You died 2 months ago today and it’s your niece’s first birthday. I told you she’d be walking when you got home and she is walking. I’m sure you can see her if you want to. I’ve decided that you must be close to us. I feel you. If heaven is truly paradise then you can’t be there missing us or it wouldn’t be paradise. I believe that you are not feeling the pains of this world, but you must be a part of our lives here. We just don’t get to be a part of yours. Not right now.
I’ve been wanting to write, because it seems to help at times, but your sister and your sweet nieces came to visit me and it was really nice to have them to myself for a bit, away from the madness in Colorado. I foolishly thought they would distract me from my grief. Do you remember accusing me of paying attention to nobody else when the granddaughters were around? Although I did love every minute with them last week, I still can’t stop thinking about you no matter who I am with. Right now nothing else seems to matter.
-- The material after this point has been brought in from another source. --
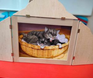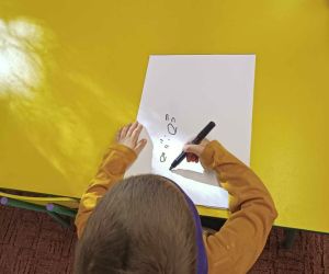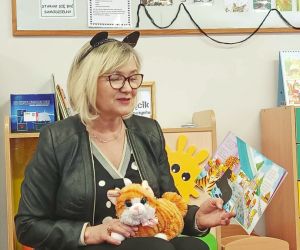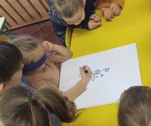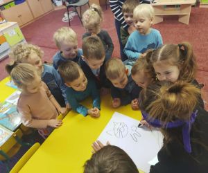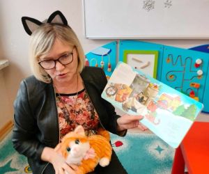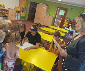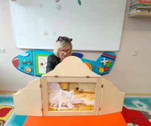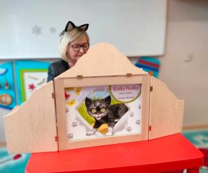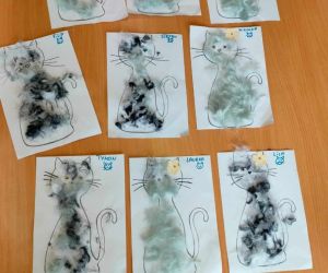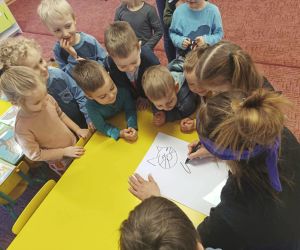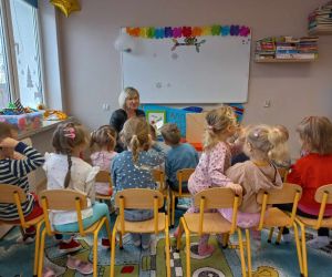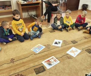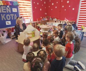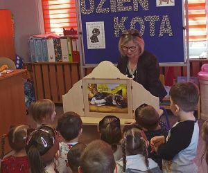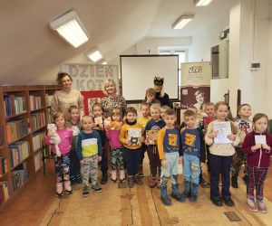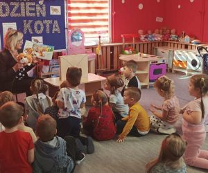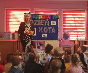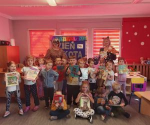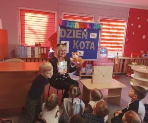 Wybór tematyki spotkania nie był przypadkowy, bowiem kilka dni temu świętowaliśmy Dzień Kota. Podczas wizyty dzieci wysłuchały książki autorstwa Wiesława Drabika pt. "Dzień Kota" oraz bajki Kamishibai pt. "Kotka Psotka". Na zakończenie przedszkolaki wykonały pracę plastyczną z kotkiem- bohaterem dzisiejszego spotkania.

I have learned that grief demands to be felt. I kept it in the best I could for almost a week, crying only in bed, but when I was finally able, I cried from 9 PM until after midnight. Just when I think I feel a little better, something triggers my emotions and I cannot stop the grief. I miss you so much, Buddy. I cannot seem to figure out how to live in this world without you. When you left, a bright light was extinguished in my world and I feel as though I am not living, but simply existing. I don’t feel like I care about things that I once cared about. Sometimes nothing seems to matter. Now that Ray has a permanent job, we could buy a house again, but it doesn’t really matter. I could have a better kitchen and enjoy culinary creativity like I used to, but I no longer care. I could put make-up on my face or wear something other than sweats, but it just doesn’t matter. Sometimes nothing matters but missing you. I am really good at that.